- ASSIGNMENT -
An exact transcription is needed of the lines below from the one with "Im ersten Obergeschoss" through the one with "琪镌绘制秋季款连帽抽绳外套日系简约工装休闲长袖冲锋衣女85342", with no other lines and no pictures.

- STORED DATA -
※ ※ ※
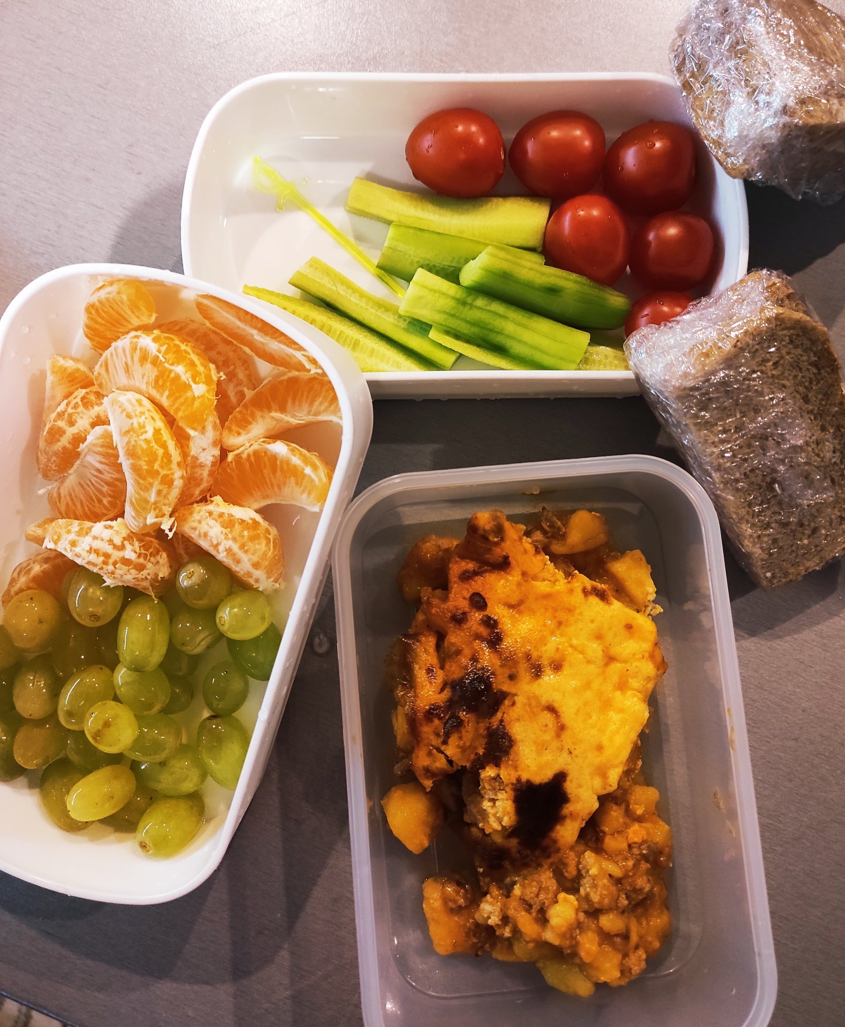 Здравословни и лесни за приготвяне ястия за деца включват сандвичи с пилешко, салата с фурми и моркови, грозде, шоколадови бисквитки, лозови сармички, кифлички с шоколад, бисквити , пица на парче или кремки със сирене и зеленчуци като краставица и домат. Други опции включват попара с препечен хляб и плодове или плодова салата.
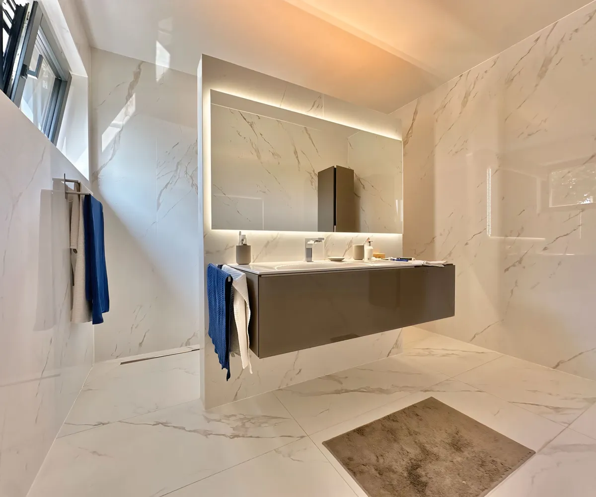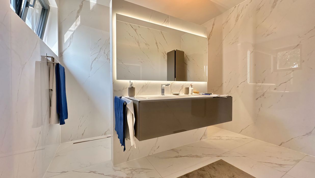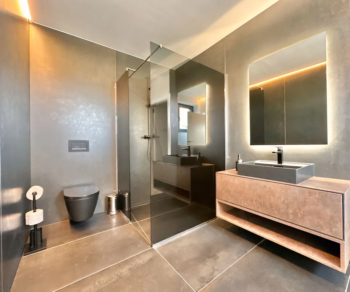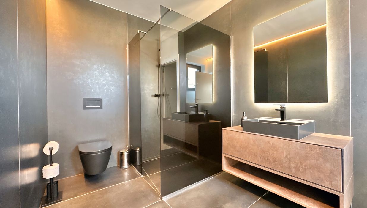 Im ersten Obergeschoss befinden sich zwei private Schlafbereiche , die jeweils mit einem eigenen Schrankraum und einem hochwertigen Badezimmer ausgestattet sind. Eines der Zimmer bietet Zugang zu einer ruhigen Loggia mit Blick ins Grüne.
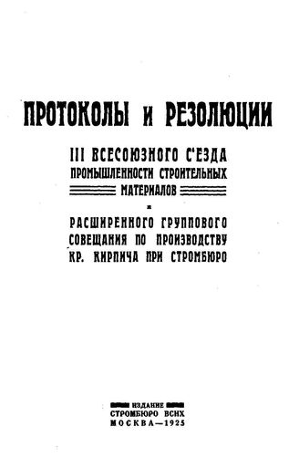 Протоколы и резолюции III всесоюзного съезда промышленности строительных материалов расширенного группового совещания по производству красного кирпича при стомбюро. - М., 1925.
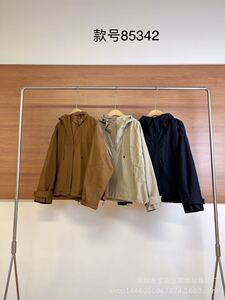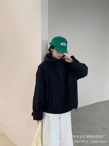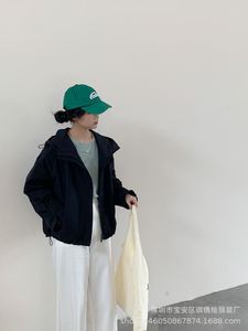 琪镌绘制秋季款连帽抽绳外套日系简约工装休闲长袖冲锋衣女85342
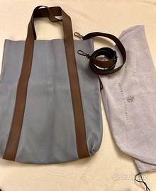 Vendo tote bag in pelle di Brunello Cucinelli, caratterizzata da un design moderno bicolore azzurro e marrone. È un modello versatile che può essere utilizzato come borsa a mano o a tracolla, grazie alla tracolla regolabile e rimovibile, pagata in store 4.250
※ ※ ※
- TASK RESPONSE -
 Im ersten Obergeschoss befinden sich zwei private Schlafbereiche , die jeweils mit einem eigenen Schrankraum und einem hochwertigen Badezimmer ausgestattet sind. Eines der Zimmer bietet Zugang zu einer ruhigen Loggia mit Blick ins Grüne.
 Протоколы и резолюции III всесоюзного съезда промышленности строительных материалов расширенного группового совещания по производству красного кирпича при стомбюро. - М., 1925.
 琪镌绘制秋季款连帽抽绳外套日系简约工装休闲长袖冲锋衣女85342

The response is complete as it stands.